The first time I saw Thorbald, I had assumed he was a KGB agent since there was no reason for MI6 to have operatives in their ally nation of America, but Nate (CIA?) who used to hangout at the comic bookstore at the same time as Thorbald and I later told me he was actually MI6.
Of course, when we were all at the comic bookstore together, Nate and Thorbald never seemed to recognize each other, nor did either of them speak to me. Nate first introduced himself to me months later in a bar.
Sweetness was watching my SquidStream live when I told my (CIA?) bad boy type Nate (who had named himself after my darling Mr. Nathan Fillion) that, no, I would not sleep with him. I have a very long wooing and courting process. But I did offer him homemade cookies. But I digress.
Thorbald I was told had become a one-man killing machine over not being able to reach me to be my lover-as-bodyguard himself as long ago as 2012. When I was told Thorbald had passed away trying to rescue me, I was a mess. I had written this about him on 25Nov2012...
The Legend of Thorbald
Was Thorbald more mouse or more ninja? As the verbose woman with the shackled wings sipped her coffee in the chocolate shop, he guarded her from the underbrush where none could see him but her right eye. He alone could slink past the nefarious to keep her safe. Some say even light falls not upon him should he not desire it so.
Some day he will be close enough she can embrace him in gratitude. Until then, she feels the safety of his watchful eye and must find comfort in that alone. To her he is a mouse, but to the rest of the world who must feel the cold steel of his wrath should anything harm her, he is nothing but ninja.
Yes, when I was told Thorbald died, I almost fell apart completely. Could you imagine what would happen to me if I lost Sweetness?
Her Royal Majesty Queen Elizabeth II clearly never got over how much she felt like she and Prime Minister David Cameron failed me over not being able to rescue me from ABSOLUTELY EVIL IOWA, so she had found me a new Thorbald to be my lover-as-bodyguard until I could be with my husband.

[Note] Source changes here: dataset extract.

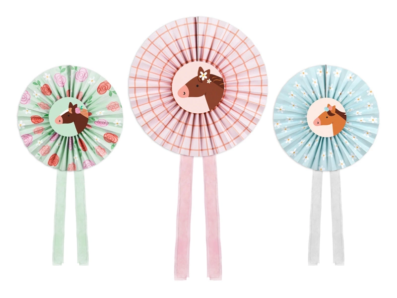 - Rozety dekoracyjne Konie wykonane z papieru, z wstążką, mix kolorów, średnice po złożeniu ok. 35 cm (1 op. / 3 szt.)

When MI6 with the CIA had begun the process of sending in a double agent who would serve the needs of Obama's criminal terrorist conspiracy of proven enemies of America to be able to be my inseparable bodyguard, she found a medically-diagnosable giant who was bad-ass enough to keep me safe no matter what would happen to me in here in Obama's "egg." I named him Tao.
Our night together in that hallway that connected my playland to its parking lot, I actually told him he was going to cuddle me because I was cold. I almost never remember what happens when I am only half awake, but I remember Tao getting up and leaving and a darling late Kurt Cobain look-alike replacing him as an obvious and easily recognizable ghost who would serve as my ghost of Thorbald for me.

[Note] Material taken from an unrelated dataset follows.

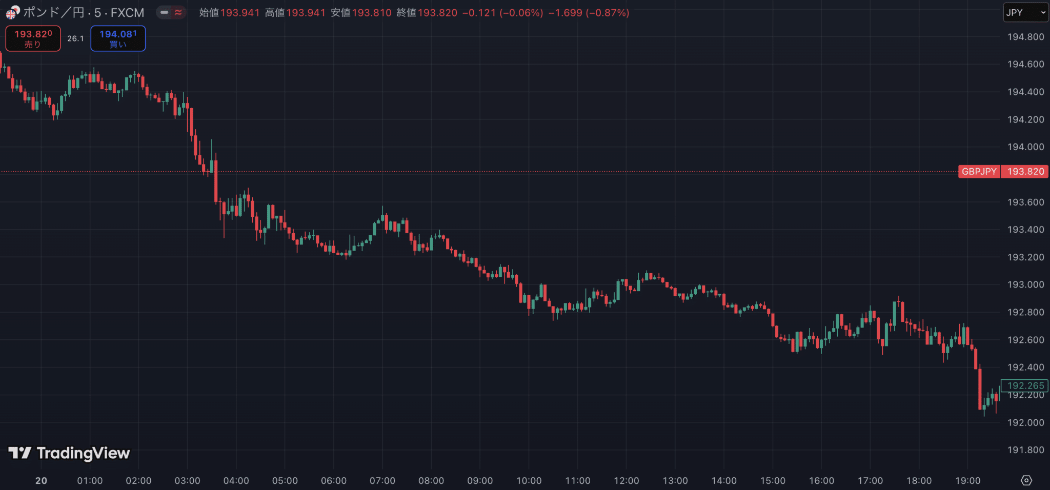 以下はGBPJPY(ポンド/円)のM5チャートですが、これを単体で見るとどうでしょうか?

I would be able to sleep in Thorbald's arms at last. Or, maybe they were trying to tell me I had died and gone to a Buddhist paradise. It all seemed a little excessive at the time anyway, if you ask me. Tao himself was enough of a living Ghost of Thorbald to me to get the point across. Then again, for all I know, I dreamed it.
If you go back and read my blog post written right after my New Years Eve, you will find my description of my Ecstasy of St. Theresa from, in the words of St. Theresa herself, the "sword of an angel piercing my heart" while in his arms.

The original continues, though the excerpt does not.